• **Assigned task**:
Reproduce the data exactly and drop any pictures it holds.

(Records from a data collection)
_ _ _

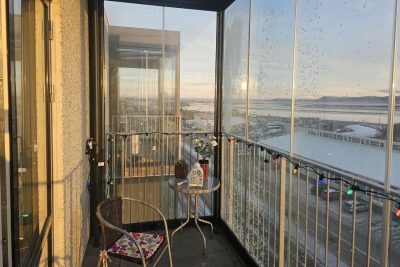 Íbúðin er mjög smekkleg og vel um gengin. Skipt hefur verið um alla glugga í íbúðnni vegna gallamála. Vinildúkur er á öllum gólfum utan votrýmis en nýtt parket fylgir með á alrými og svefnherbergi.
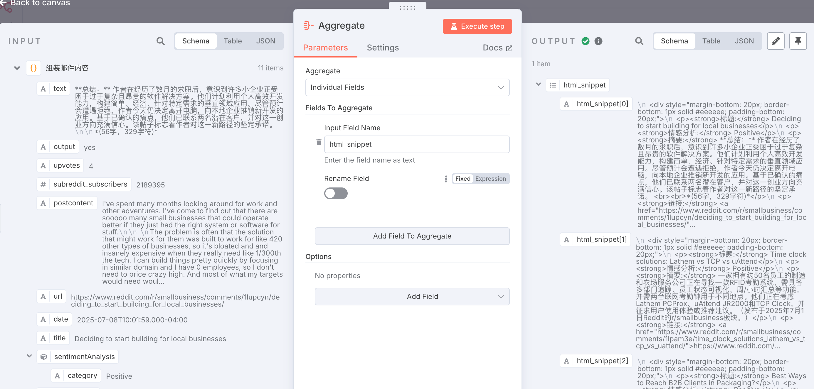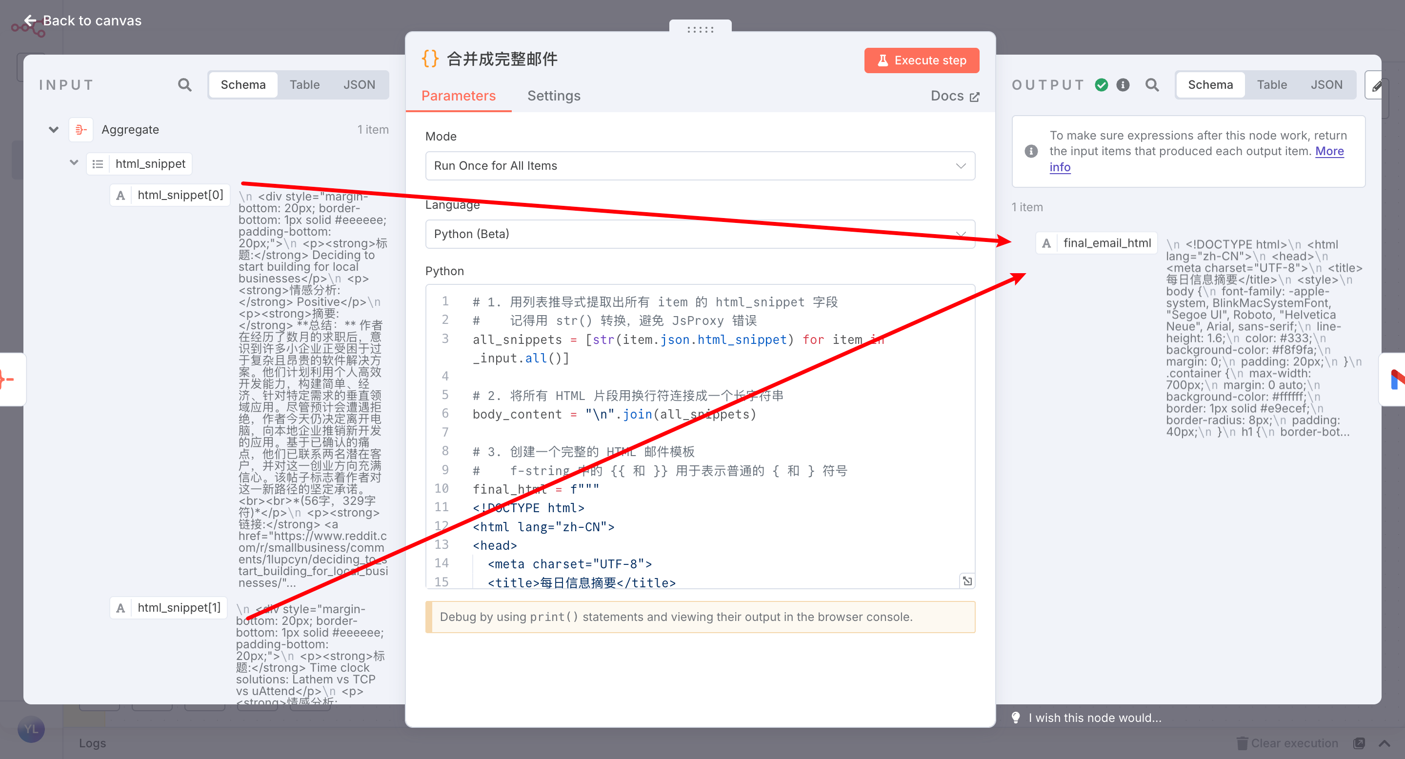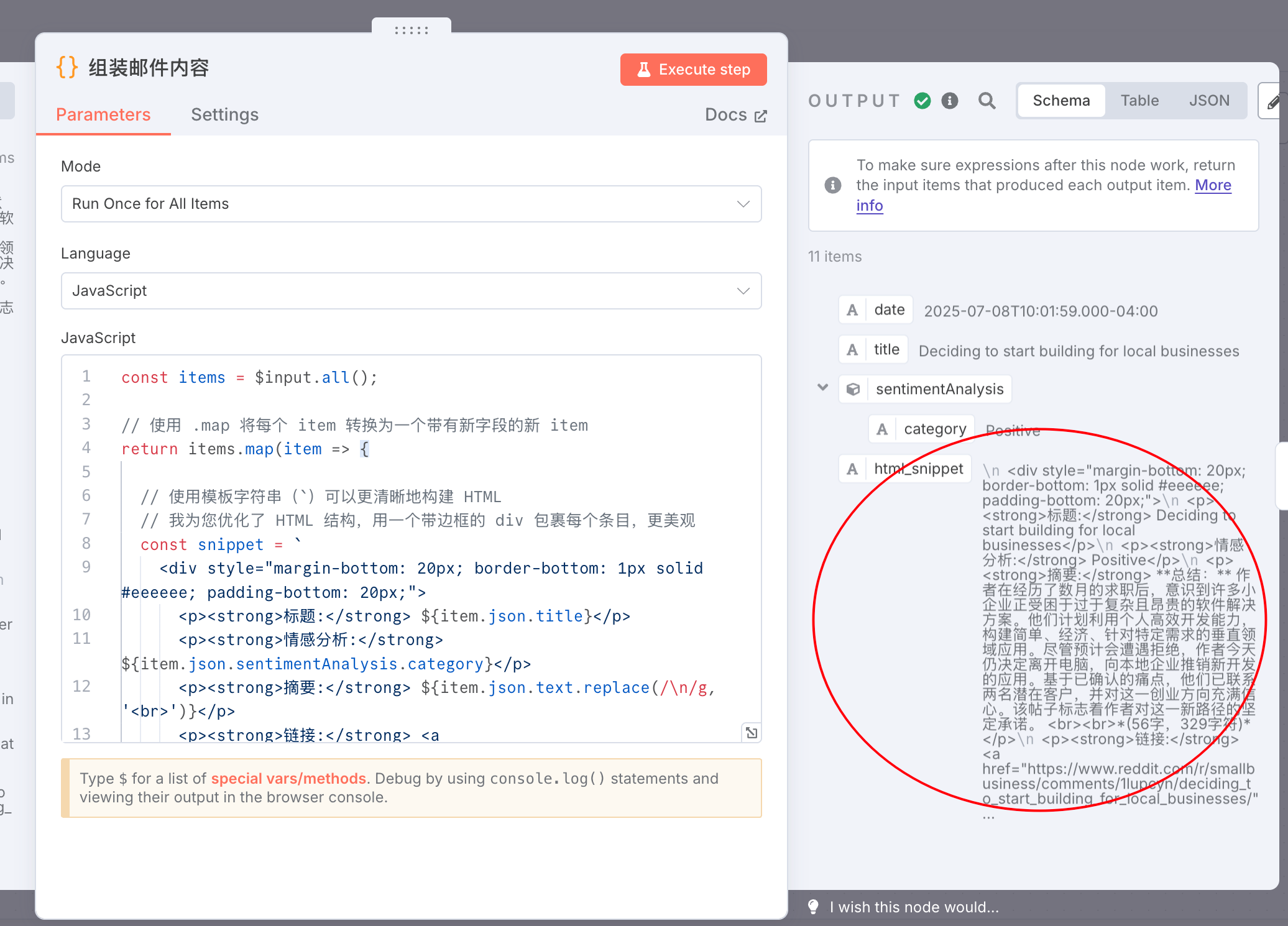 组装邮件内容 (Code): 将每个帖子的分析结果,用HTML代码片段格式化。
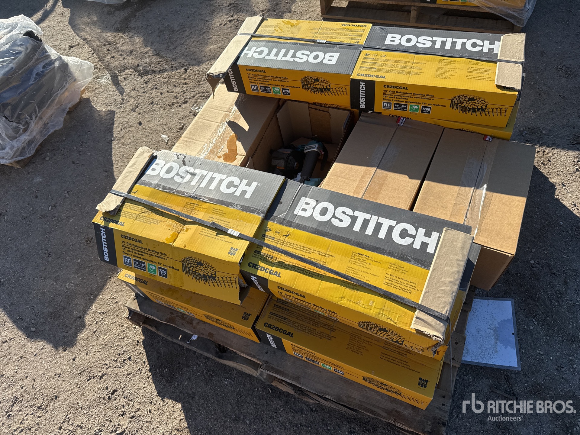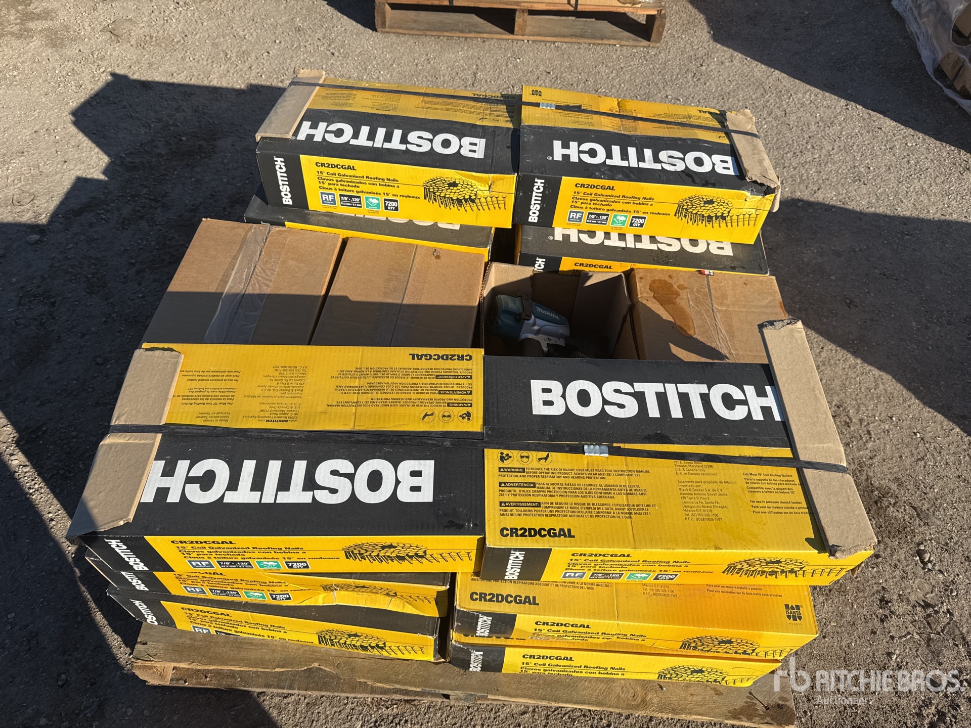 Quantity of (12) Stanley Bostitch AN454 7/8 in Coil Roofing Nails and (4) AN454 MAKITA Roofing Air Nail Gun (Unused)
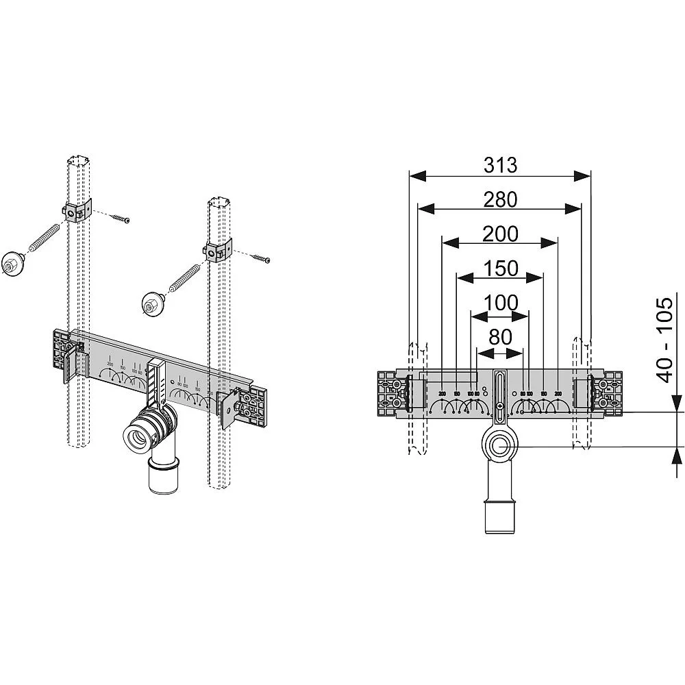 Монтажный набор для установки раковины TECE profil набор из: установочная пластина с креплениями фан
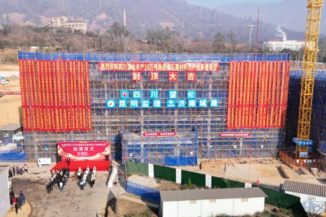 集團(tuán)四川攀枝花望倫年產(chǎn)10萬噸新能源石墨材料生產(chǎn)線新建項(xiàng)目主體結(jié)構(gòu)全面封頂
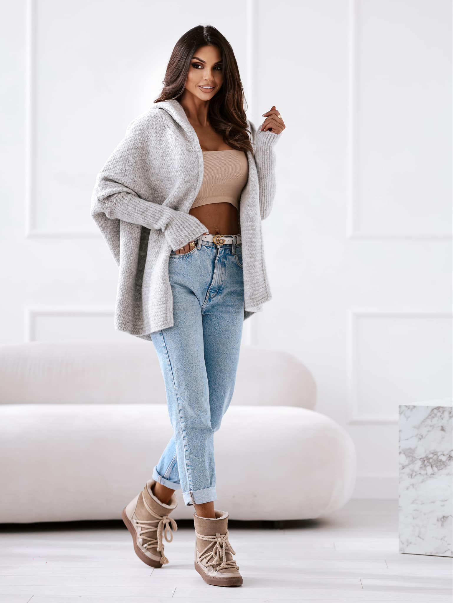 Ciepły sweter z kapturem o kroju oversize to sweter, który pięknie wygląda na każdej sylwetce.
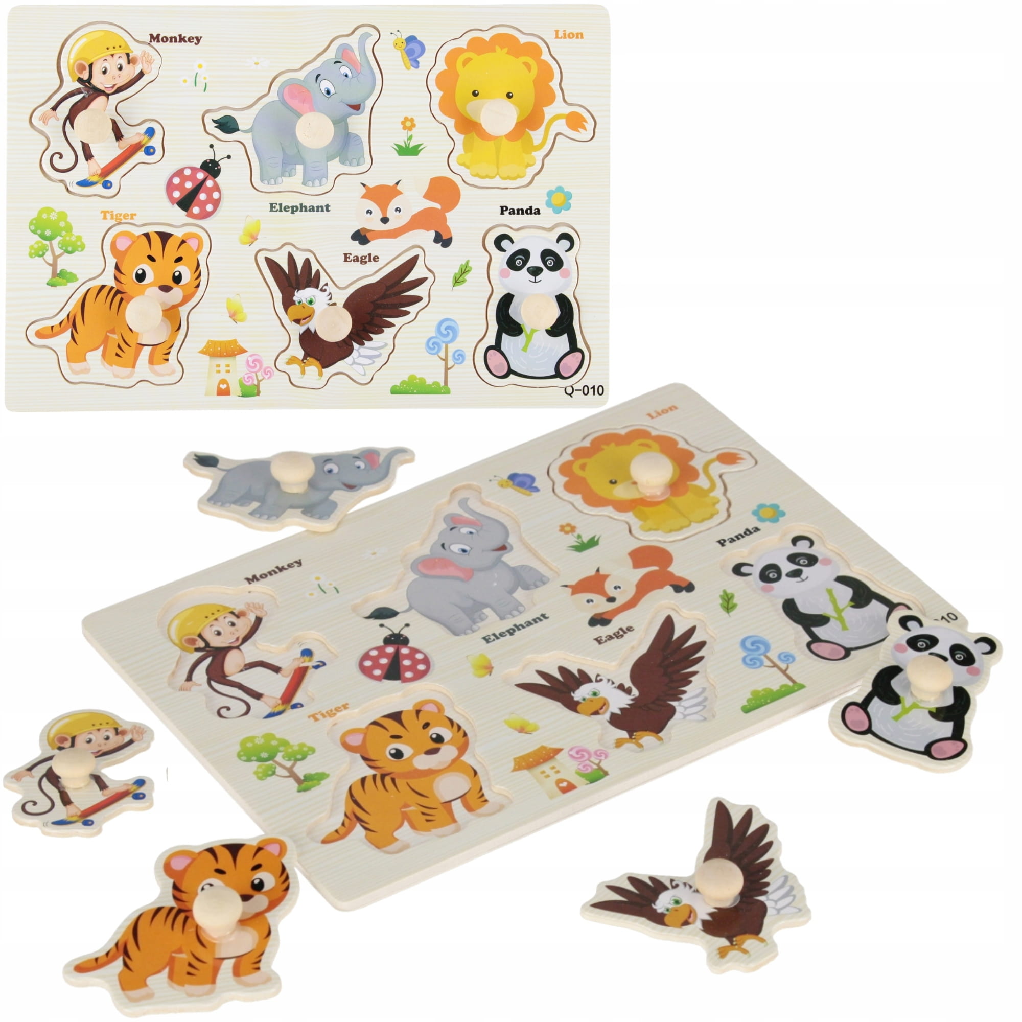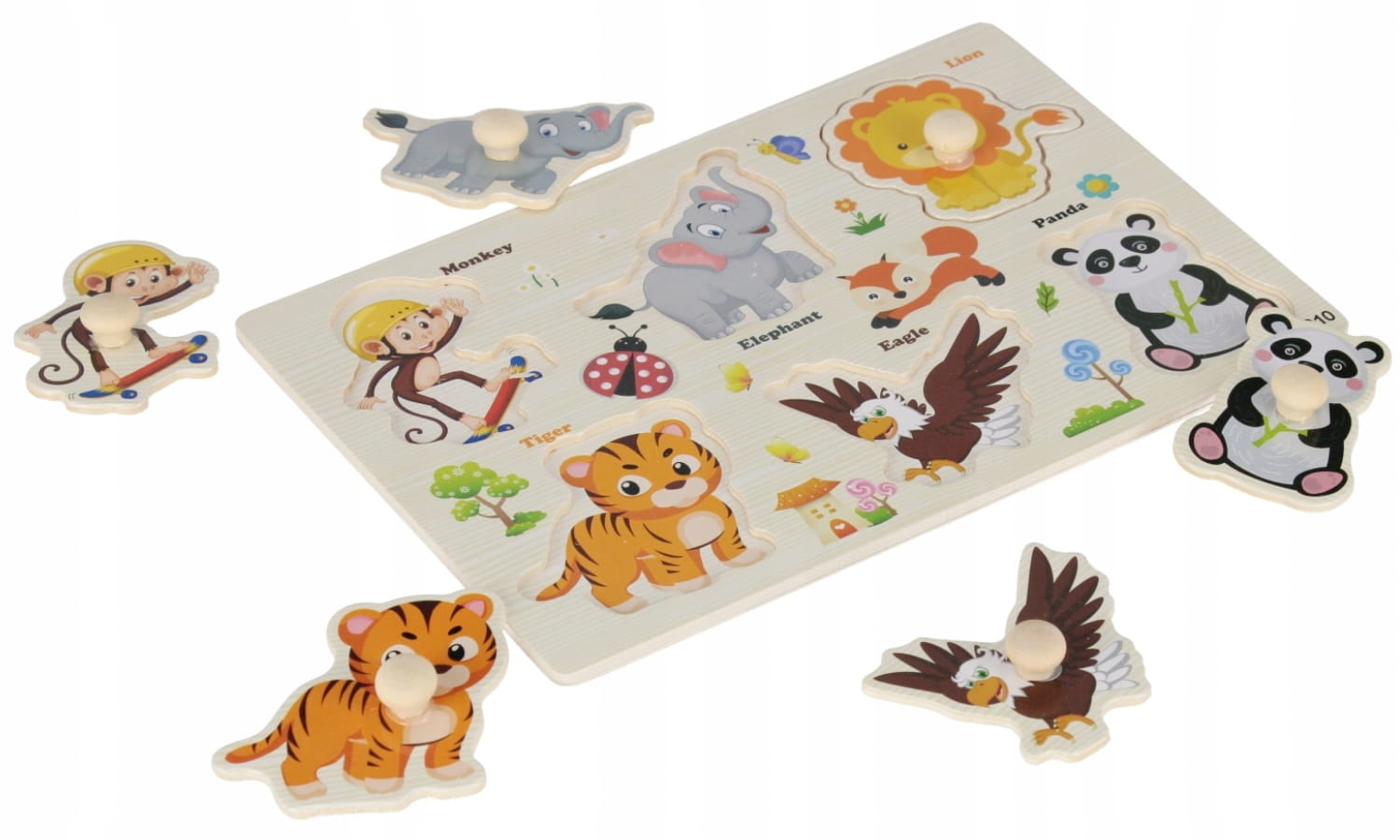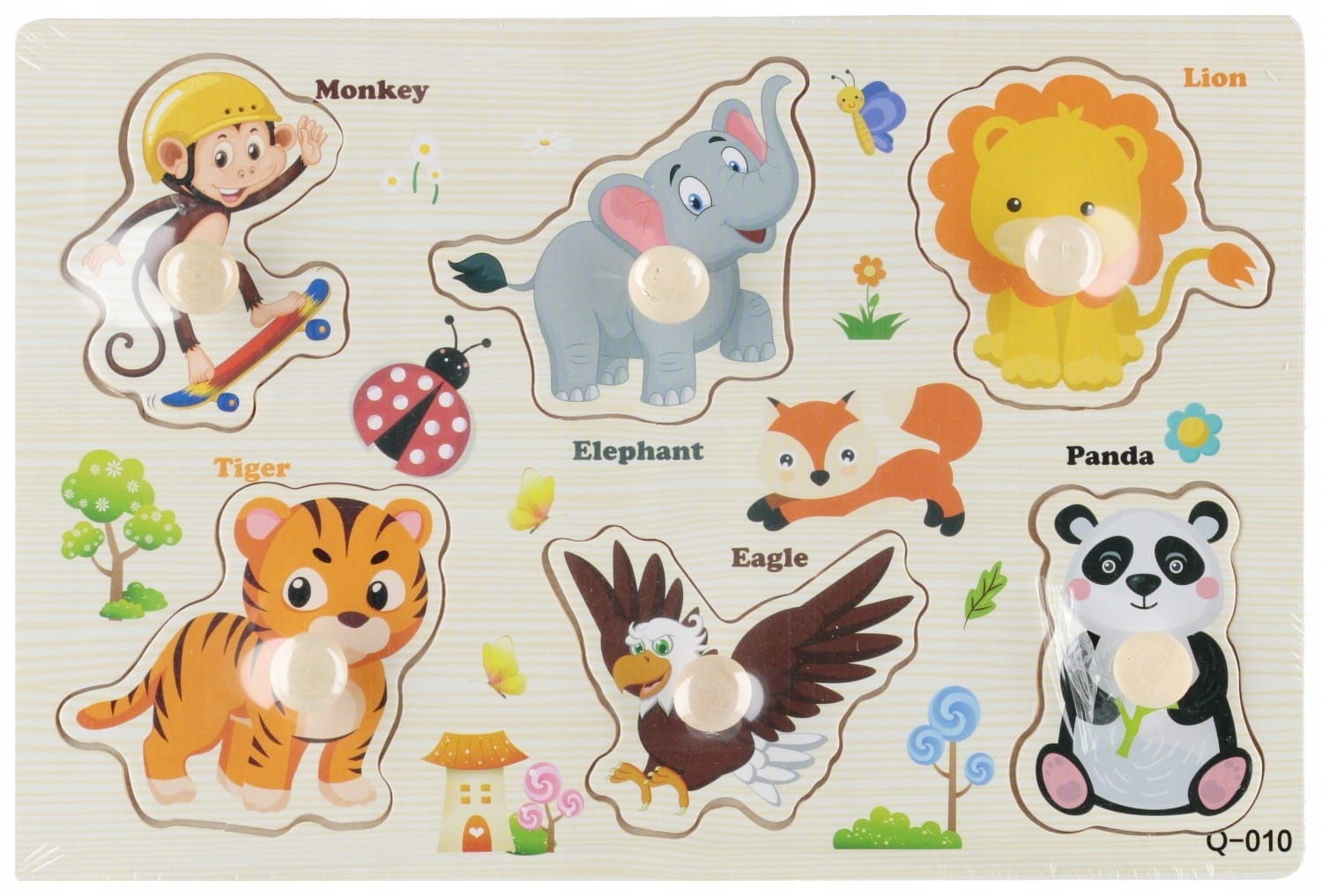 Układanka Drewniana Zoo Safari z Uchwytem Puzzle Edukacyjne dla Dzieci 18m+
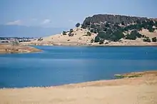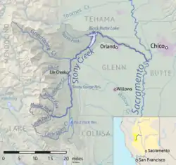 Black Butte Lake, formed by Black Butte Dam in Tehama County, is the largest reservoir on Stony Creek, covering more than 4,000 acres (1,600 ha) in the lower Coast Range foothills. A second tributary called North Fork Stony Creek joins in the reservoir from the west.[14] Downstream of Black Butte Dam surface water from Stony Creek is diverted into the Stony Creek Canal and other smaller ditches for irrigation.[15] The creek re-enters Glenn County, flowing in an east-southeast direction across the Sacramento Valley as a wide meandering stream.[16] North of Orland, the largest town in the watershed, it is crossed by Interstate 5.[17] It joins the Sacramento River south of Hamilton City and west of Chico at Sacramento river mile 190 (kilometer 306).[18]

_ _ _

• **Answer box**:
 Íbúðin er mjög smekkleg og vel um gengin. Skipt hefur verið um alla glugga í íbúðnni vegna gallamála. Vinildúkur er á öllum gólfum utan votrýmis en nýtt parket fylgir með á alrými og svefnherbergi.
 组装邮件内容 (Code): 将每个帖子的分析结果,用HTML代码片段格式化。
 Quantity of (12) Stanley Bostitch AN454 7/8 in Coil Roofing Nails and (4) AN454 MAKITA Roofing Air Nail Gun (Unused)
 Монтажный набор для установки раковины TECE profil набор из: установочная пластина с креплениями фан
 集團(tuán)四川攀枝花望倫年產(chǎn)10萬噸新能源石墨材料生產(chǎn)線新建項(xiàng)目主體結(jié)構(gòu)全面封頂
 Ciepły sweter z kapturem o kroju oversize to sweter, który pięknie wygląda na każdej sylwetce.
 Układanka Drewniana Zoo Safari z Uchwytem Puzzle Edukacyjne dla Dzieci 18m+
 Black Butte Lake, formed by Black Butte Dam in Tehama County, is the largest reservoir on Stony Creek, covering more than 4,000 acres (1,600 ha) in the lower Coast Range foothills. A second tributary called North Fork Stony Creek joins in the reservoir from the west.[14] Downstream of Black Butte Dam surface water from Stony Creek is diverted into the Stony Creek Canal and other smaller ditches for irrigation.[15] The creek re-enters Glenn County, flowing in an east-southeast direction across the Sacramento Valley as a wide meandering stream.[16] North of Orland, the largest town in the watershed, it is crossed by Interstate 5.[17] It joins the Sacramento River south of Hamilton City and west of Chico at Sacramento river mile 190 (kilometer 306).[18]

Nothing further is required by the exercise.